Treetop, a proxy for network towers

Climbing trees to access mobile networks is, however, not an unknown manoeuvre in rural areas grappling with poor mobile and internet services.

Earlier this month, International Cricket Council’s international panel umpire Anil Choudhury posted on social media a few pictures of him trying to make a phone call from atop a tree at his ancestral village Dangrol in Uttar Pradesh’s Shamli district.

“I’m here with my two sons since March 16. The biggest problem is the network here. I can’t talk to anyone or use the internet. To be able to do that I have to go outside the village, climb up a tree or go to the rooftop. Also the network is not available all the time,” Chaudhary was quoted as saying by PTI-Bhasha.

A few years ago Jharkhand government’s ambitious biometric attendance scheme for government school teachers faced similar network hurdles in the villages of Palamu district. The local newspapers carried reports of how teachers at a school in Sohree Khas village in the district’s Satbarwa block used to climb up a tree to get their biometric attendance recorded on the tablet provided by the government after they discovered that the 2G network only “catches” on a particular tree branch.

Low internet penetration to rural pockets

According to data collected by the National Sample Survey as a part of the Survey on Education in 2014, only five per cent of students in rural India have access to the internet. The overall internet penetration in rural areas increased marginally from 9 per cent in 2015 to 25 per cent in 2018, according to another survey.

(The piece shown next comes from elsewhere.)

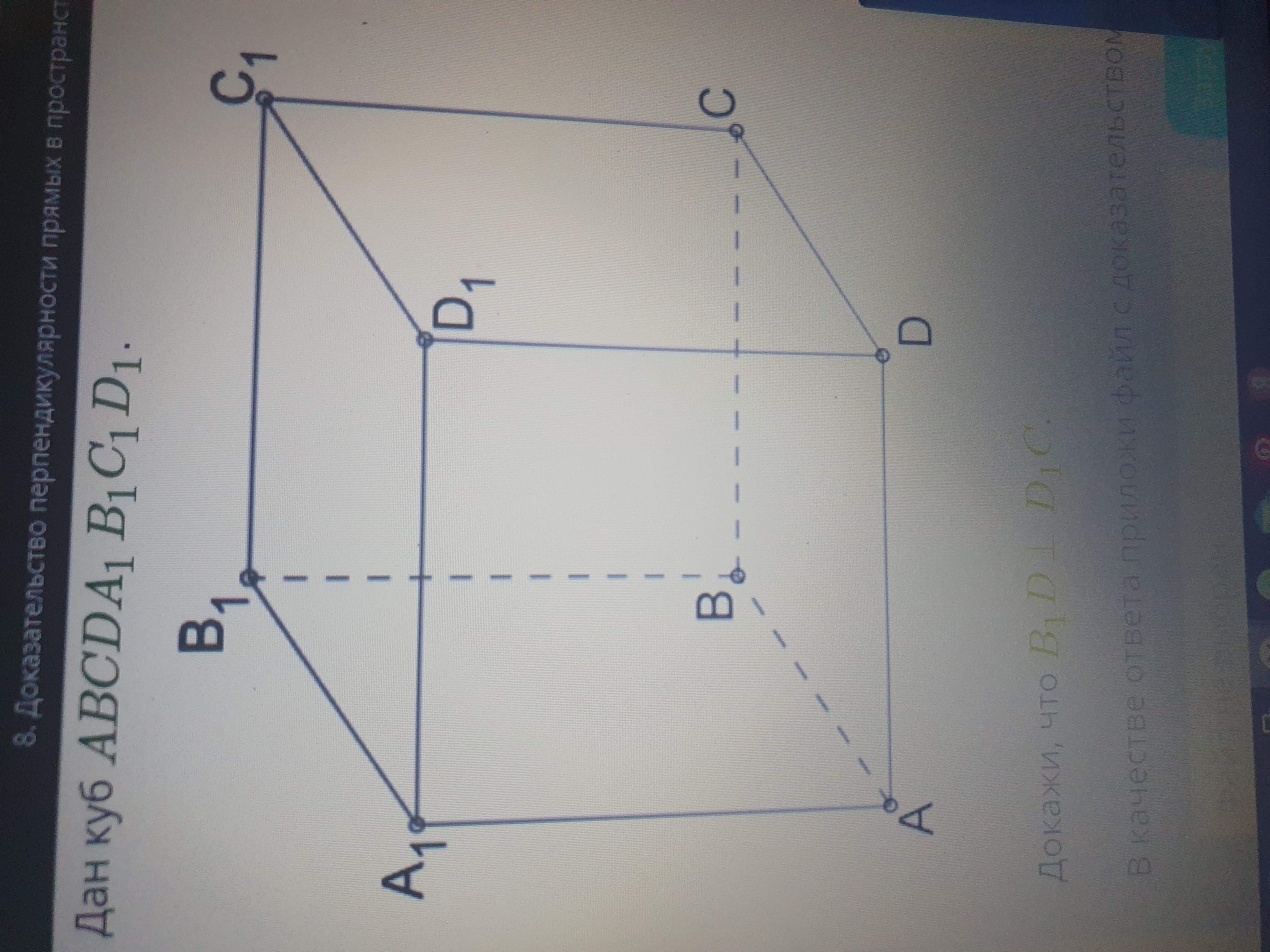Дан куб АВСDА1В1С1D1. Докажите В1D перпендикулярен D1С.

One of the reasons attributed by the survey for the poor penetration is lack of mobile connectivity in remote and far-flung areas. Acknowledging the deficiency, Parliament’s standing committee on finance, recently in a draft report on transformation towards a digital economy urged the government to urgently bridge the digital gap.

Related news: Internet speed, connectivity hinder DU profs from holding online classes

To bridge the rural-urban connectivity divide, particularly in security-risk areas, the Cabinet in November last year approved the construction of almost 207 towers in Bankura and four others in the Maoist-affected districts of West Bengal.  The approval was part of the Ministry of Home Affairs’-identified telecom connectivity programme worth ₹2,194.83 crore for erecting 3,465 towers in Maoist insurgency-hit areas.

“After the submission of bidding, which was extended to February 24, the process got stuck due to the COVID-19 outbreak,” said a top official in the Department of Telecommunications.

To enhance broadband connectivity in rural areas, the official said a budgetary allocation of ₹6,000 crore was made for the Bharat Net programme in 2020-21. He, however, admits that the amount is too less to bridge the huge gap.